I am experimenting with GitHub issues as a task queue for outstanding actions, another professional habit following me home. The repo is the knowledge base, issues are the to-do list, the agent is the worker that connects them.
I am also experimenting with more sentimental content. Historical dates, family milestones, past holidays. The kind of information that is not urgent but is surprisingly pleasant to have at your fingertips. “What year did we go to Spain?” is a question I should not need to scroll through photos to answer.
How to start
If any of this sounds useful, here is what I would suggest:
Do not plan. Do not design a folder structure. Do not write a schema. Do not spend a weekend “setting up.”
Create an empty git repo. Enable Git LFS. Add a CLAUDE.md that gives the agent basic context: who you are, what the repo is for, how files should be named. Create an inbox/ folder for dumping documents.
Then wait until you have a real question.
When you do, ask the agent to help you answer it. Let it pull in documents, write summaries, organise files. When it is done, you will have the beginnings of a knowledge base, not one you designed, but one that grew from an actual need.
Next question, same thing.
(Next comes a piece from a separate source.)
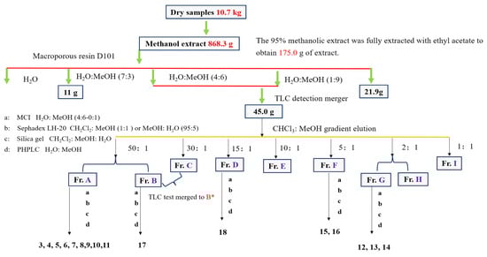 Diagram for the isolation and purification of compounds 3–18.

And the one after that.
Six months from now, you will have a repo that knows a surprising amount about your life. Not because you filed things diligently, but because you kept asking questions and letting the answers accumulate.
I have been writing about the patterns that make AI agents effective in professional software: boundaries, security, structured context. This post is the same ideas applied to a different domain. The principles transfer. The formality does not. And that is rather the point.